Ige’s budget will be debated in the Legislature, which reconvenes Jan. 18, and will likely be heavily amended, though the governor ultimately controls the release of funding.

A mountain of data

The HEER office receives the results of about 20,000 lab tests for heavy metals and pesticides annually, according to Barbara Brooks, the state toxicologist. About three-fourths of those are for potential lead poisoning, which is routinely screened for in infants and children and can cause developmental delays. The lab tests, which are ordered by physicians for their patients, include both negative and positive results.

“Basically, we receive data daily and an epidemiologist could be evaluating the trends, how many people are coming in with heavy metal poisoning, how many people have pesticide poisoning,” Brooks said. “So it is data analysis, evaluation and statistics, and report writing — that would be one job of the epidemiologist.”

An epidemiologist could also be used to investigate whether there are links between higher rates of health conditions in certain communities or neighborhoods and potential sources of chemical exposure. Communities on Kauai have been particularly concerned about pesticide spraying on agricultural fields, while some on Hawaii island have wanted more information on potential links between cardiac and respiratory conditions and vog and geothermal emissions.

“I think the big drive for adding to our technical and scientific staff, by having a full-fledged environmental epidemiologist, is so that we can go out and be proactively looking for issues,” said Fenix Grange, manager of the HEER office. “The MAVEN software, where we can do active surveillance at the time the results come in, is one example of that, but there are many questions that come up from the community when they might be concerned about vog, they might be concerned about living near a landfill or some other industrial operation that is in their neighborhood. And an epidemiologist can provide the kind of research that is needed to see what kind of data would be needed to be collected to see if there is a connection between that environmental event that is happening and some kind of human effect.”

The HEER office has been operating without an environmental epidemiologist for four or five years. The division had a couple lower-level specialists in epidemiology, but those jobs were eliminated.

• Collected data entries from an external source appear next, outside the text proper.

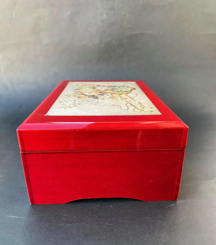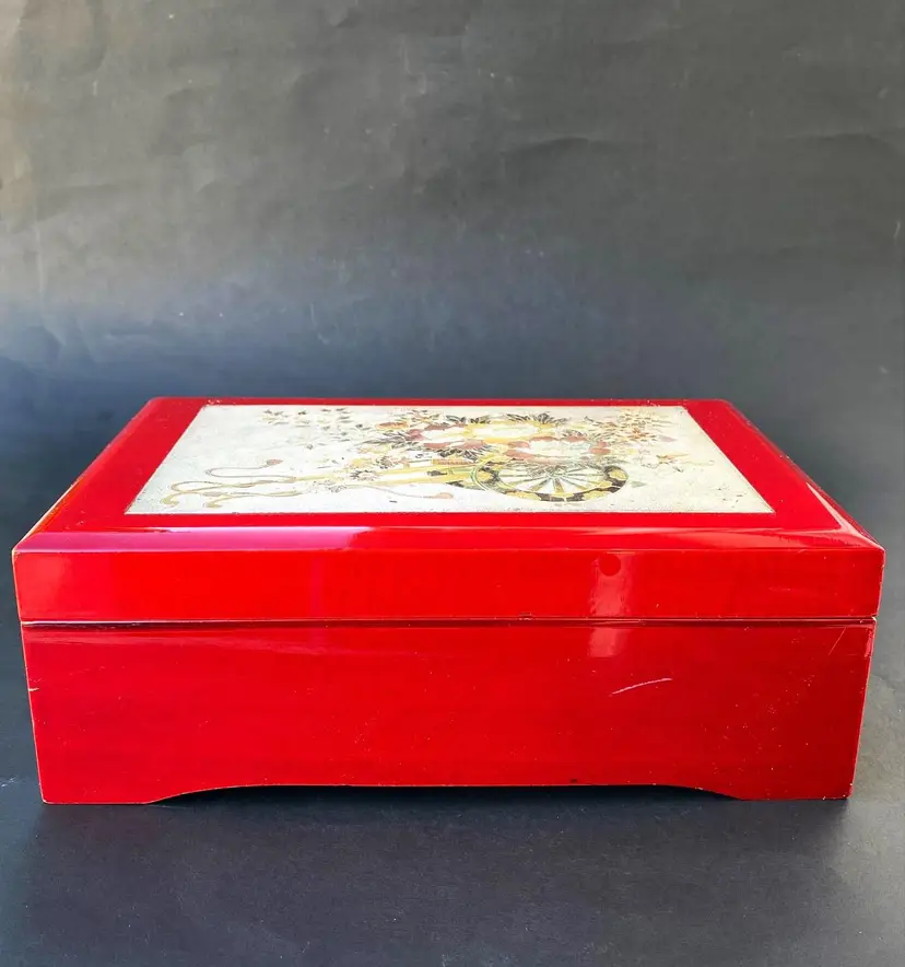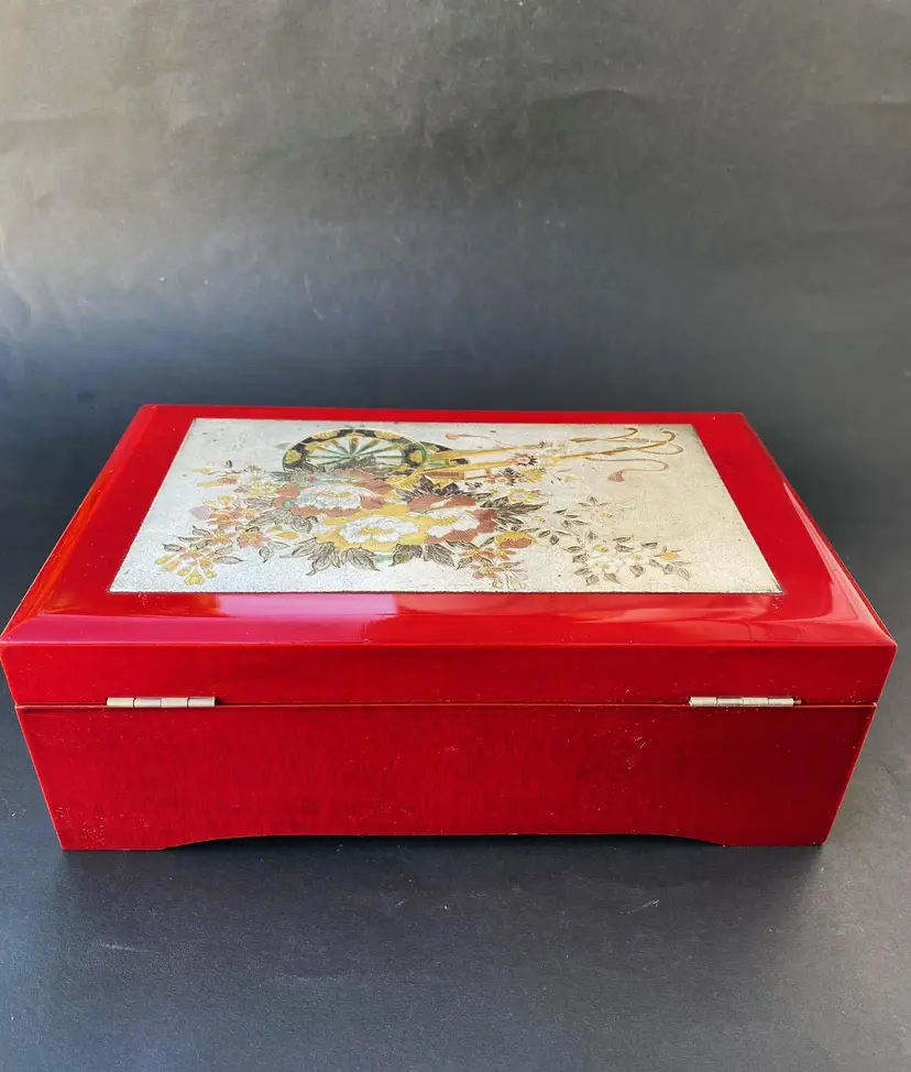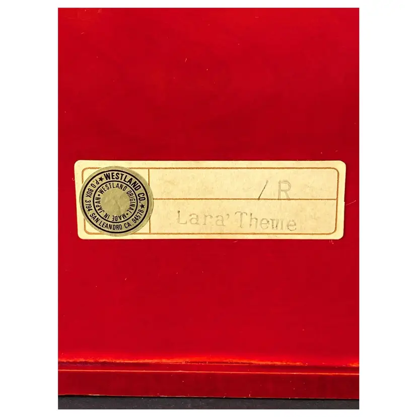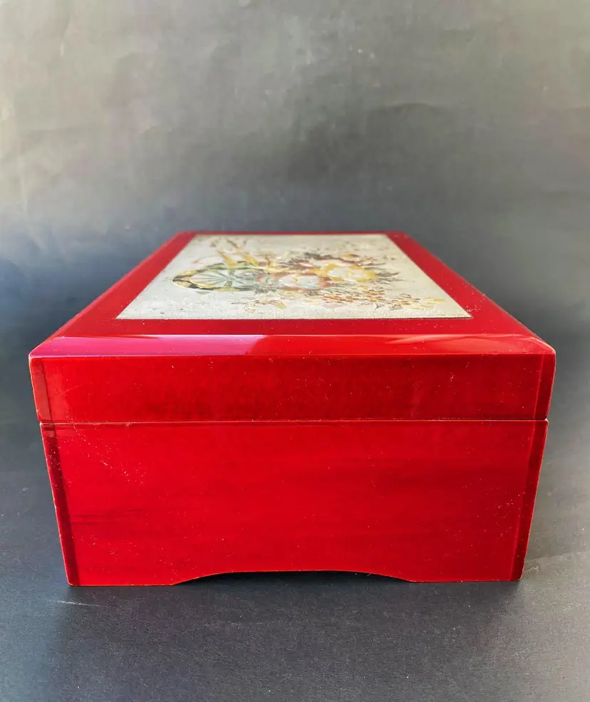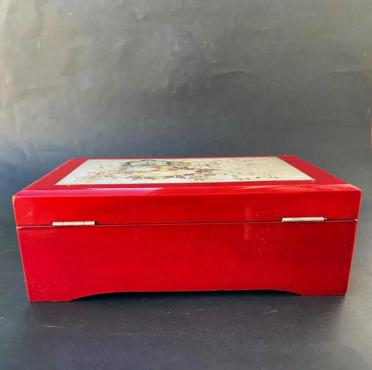 Introduce a harmonious blend of nostalgia and craftsmanship to your space with this vintage Westland Co. musical jewelry box, a delightful creation made in Japan. Crafted with precision and attention to detail, this vintage gem is etched with a beautiful design of flowers in a pull-cart on the top lid and when opened, brings the enchanting melody of "Lara's Theme" from the film Doctor Zhivago. The interior is lined with soft red velvet with compartments for trinkets as well as a mirror under the lid. Elevate your decor with this lovely piece. Measurements: 10" x 7" x 4". This musical jewelry box is in good pre-owned condition with some minor wear (see photo).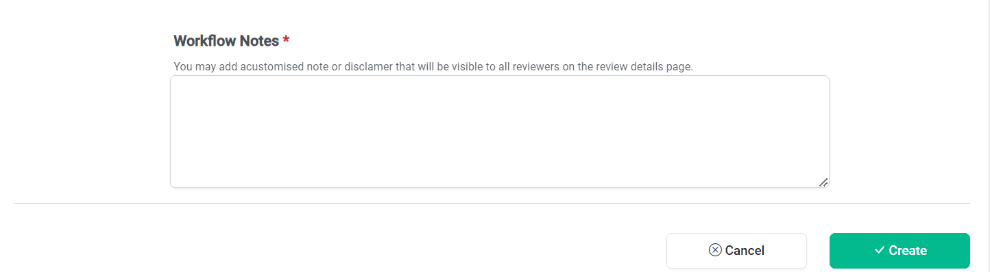 Workflow notes: Optionally, add a custom note, such as a disclaimer, which will be visible to all reviewers.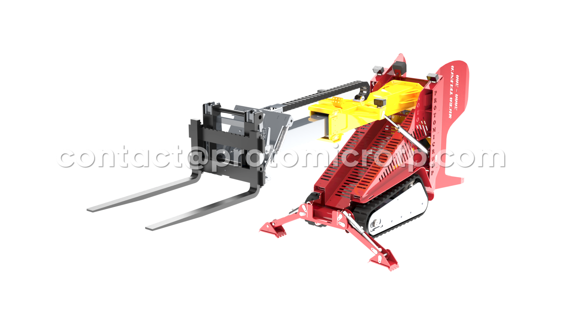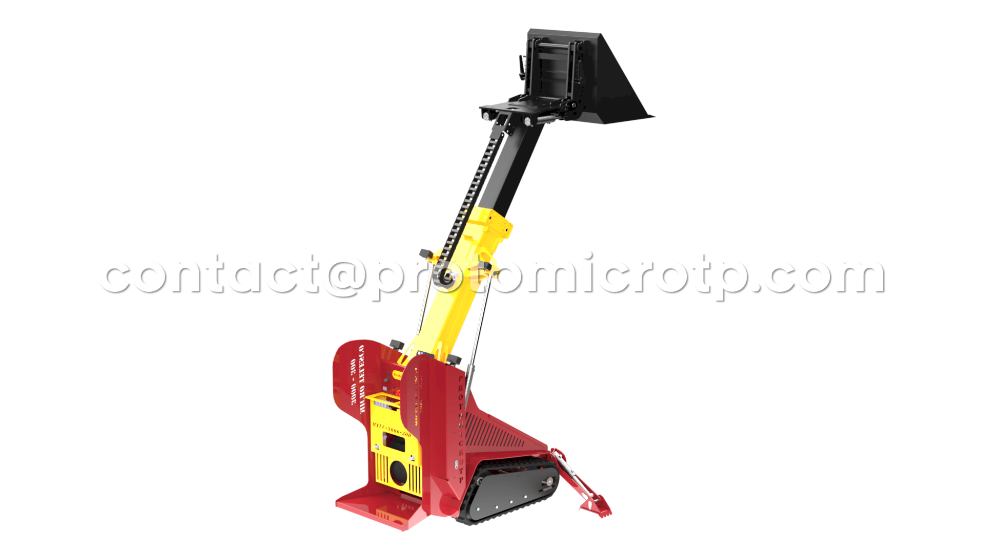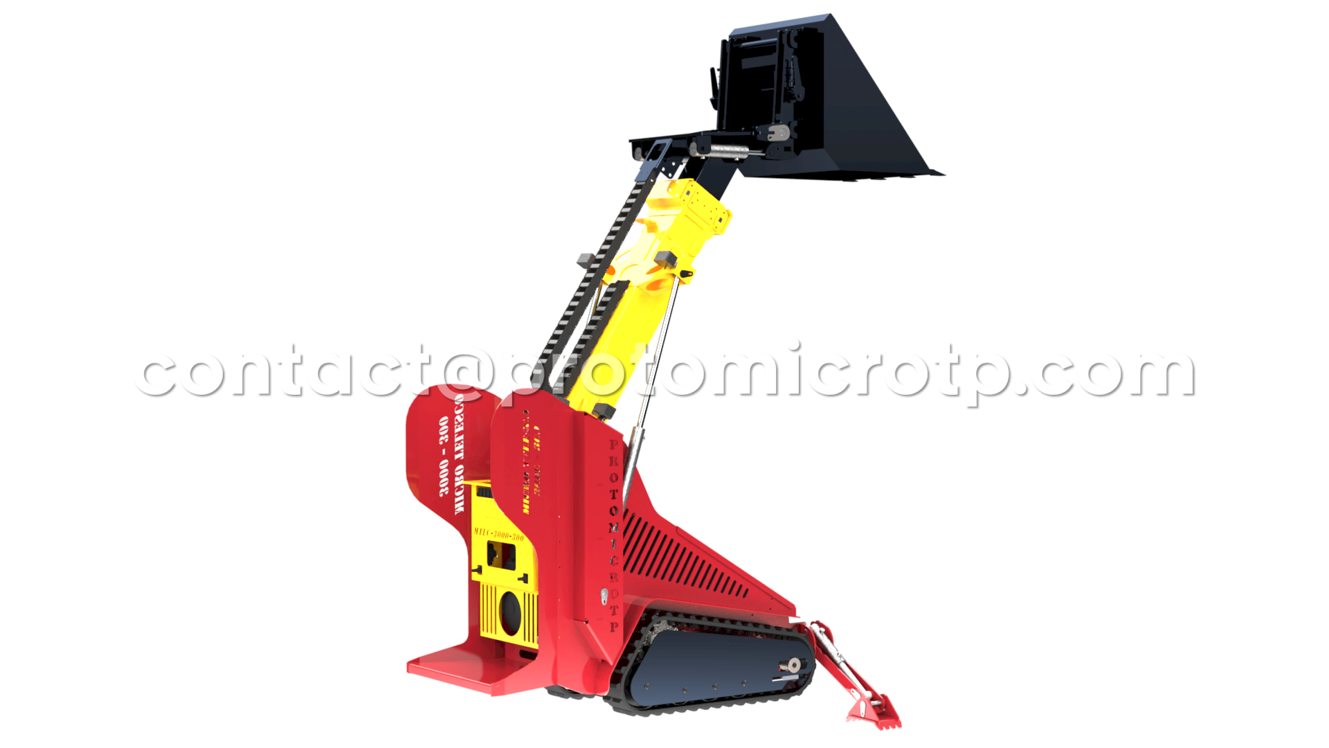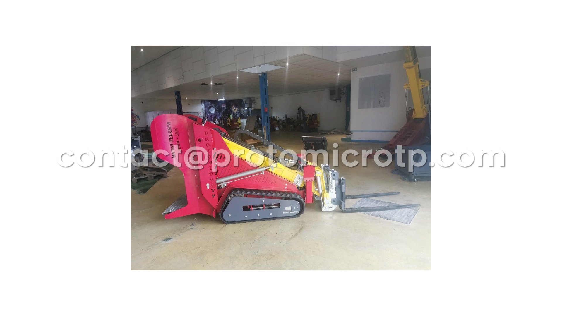 ProtoMicroTP est fier de vous présenter le Micro-Télescopique MTLC 3000-300. Avec une largeur de 85 cm, ce modèle conçu et développé dans nos ateliers est la réponse à un besoin de polyvalence. Il permet de charger, niveler, lever des charges, transporter, déblayer, et bien plus encore.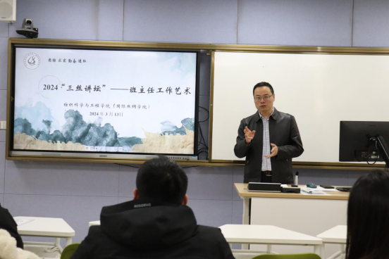 期间,学院党委副书记方平围绕“班主任”“工作”“艺术”三个关键词做解读,其中“班主任”要笃定“思想引领、文化引导、学风引育”,“工作”要明细“目标、过程、效果、导向”,“艺术”也要突出“语言、行为、情感”,与专职思政工作者一起,构建立德树人新生态新格局。

Still, the department has been moving ahead in manually reviewing five years of lab tests on lead and is expected to release the results of their review in the coming weeks. But just scrubbing the data to get it into a usable form has been a painstaking process.

Other past data likely has limited use. The data on pesticides, for example, likely has limited value because there is no baseline for individual patients to compare the results to.

The new MAVEN software system is expected to be up in March, and results on lead will be automatically inputted. Brooks said she hopes that the system can be expanded in the future to include results for other heavy metals and pesticides and that they will eventually have an epidemiologist to oversee the system.

Brooks noted that a well-funded state such as California has many epidemiologists. “But certainly there is a need for one (here), especially with the public concern about chemicals, not only pesticides, but air pollution and emissions from industrial processes and landfills,” she said. “There is a need in the state.”